Table 1 Anthropometric data.

Study participants were excluded if they were enrolled in other studies, had any infectious disease, experienced a recent pregnancy or had any metal in their body or any type of cardiac devices.

Study design

The participants were examined twice within a week. The pre-examination included a medical history, sports activity questionnaire, and weight and height measurements. We then carried out systematic body mapping, and two consecutive caliper and US measurements were taken to evaluate intrarater reliability. Consecutively, a bioelectrical impedance analysis (BIA) was performed. To assess interrater reliability, the second observer repeated the process within a week (median: 2 days). Both measurements were carried out in the morning. During the trial, the participants were instructed not to change their behavior in diet or training and were scheduled independently and randomly by raters. The participants played an exclusively passive role in the measurements, thus there was no learning effect or habituation to the study setting. After the measuring procedure, field 2, 15, 36 and 39 were marked so that the MRI could be done immediately afterwards. MRI measurements were only scheduled for 50 participants.

Sample size

Sample size was defined by a case number calculation (G-Power Ver. 3.1.9.2). To detect a difference of 10 percent between SFT measurements at 0.8 power, the sample size required is n = 42. We recruited and enrolled 54 participants to ensure sensitivity.

Mapping

The emphasis of our study is to measure SFT applying a systematic mapping method. On the basis of a pilot trial, we found excellent reliability between left and right side of the body (n = 49, ICC 0.998). Therefore, only the right side of the body was divided into 56 rectangles. The head, hand, foot, and genital areas were omitted. Each rectangle was numbered (1–56, Fig. 1) and marked with adhesive dots on the subject standing. The upper and lower medial length-marking points were first set for each body part. The distance in between was measured, and divided by the number of fields defined and marked along the virtual line. The width of a rectangle was determined by further landmarks or delimited by adjacent fields. For example, fields 47–49 on the posterior thigh have their medial origin at their anatomically defined location and adjoin fields 35–37 on the anterior thigh (Fig. 1, Fields 35–37, 47–49). The center of each field represented the spot of interest. An accurate description of the landmarks is found in Supplementary Table S1. To avoid a labeling error, a preliminary examination was carried out. Only sites 11 and 51 were classified as statistically significant, meaning that the probability of errors occurring is 5% or less.

Figure 1
figure 1

Body Mapping landmarks.

Skinfold caliper

The thickness of skinfolds was measured with a Holtain caliper (Holtain, Dyfed, UK, range 0–40 mm) with 0.2 mm accuracy. After mapping, the measurement started with the subject in supine position. Our aim was to measure the skinfold in the center of a field along Langer’s lines. The caliper was applied at right angles to the pinch. Within each field, two measurements formed an average value, which was divided by two due to the skinfold double layer. To avoid discomfort and to leave the measurement accuracy unaffected in the presence of glandular tissue, no caliper measurements were taken on fields 12 and 17 in women. Once all the anterior parts had been measured, the subject moved into a prone position.

US measurements

The US images were generated by a B-Mode device (GE Healthcare GmbH, LOGIQ e, Vivid series) with linear transducers of 12 MHz in longitudinal position to measure SFT depending on the approximate tissue depth. To ensure a primal standardized default setting, the preset ‘musculoskeletal’ (10 MHz) was initially selected. However, an optimum of brightness, gain and dynamic range was individually adjusted by the observers to achieve the best possible tissue delimitability. The measurement area should be aligned to the center of the image.
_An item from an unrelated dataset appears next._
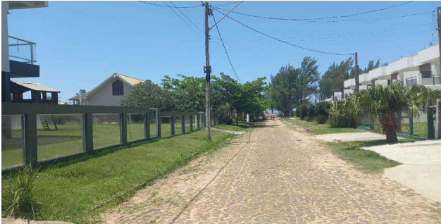
Logradouro - Vista 01

When ultrasonic gel was applied in the middle of the field, the probe was placed perpendicular in longitudinal position to the inspected tissue, which was ensured by the structure’s optimal brightness and sharpness. When boundaries were clearly distinguishable, the US probe was slowly lifted off until the pressure was low enough due to SFT viscoelasticity. When the area of interest was clearly definable, the image was captured. In abdominal areas, the image was captured when the subject stopped breathing at mid-tidal expiration. As the MRI or the caliper cannot clearly differentiate fibrous structures or the skin, they were not excluded from US either.

The distance between skin and muscle tissue was measured to 0.1 mm accuracy using integrated software tools. Since the caliper involves the skin, it was not excluded from US either.

MRI

In 50 participants MRI measurements of SFT at 4 sites were performed (fields: 2, 15, 36, 39; Philips Achieva 1.5 T). In 34 of these participants, additional measurements of skinfolds were conducted to visualize the anatomy of field 15. This was done in order to clarify the marked differences between US and Caliper in field 15, which revealed the highest incongruence (51.98%). The gradient strength of the system was 33 mT/m with a maximum slew rate of 122 T/m/s. A whole body coil was selected. The cross-sectional image was displayed after fields were marked with a specific pellet (Fig. 4), which was visible on the skin surface in T1- and T2-weighting due to its water content (MRI protocol Supplementary Table S2). As the Caliper is incompatible with MRI, the test person held the marked skinfold in field 15 with their own hands after receiving detailed instructions. A sagittal slice was obtained while the subject was in supine position. Although we were aware that the skinfold pressure would vary individually, this idea was primarily used to elucidate the difference between US and Caliper.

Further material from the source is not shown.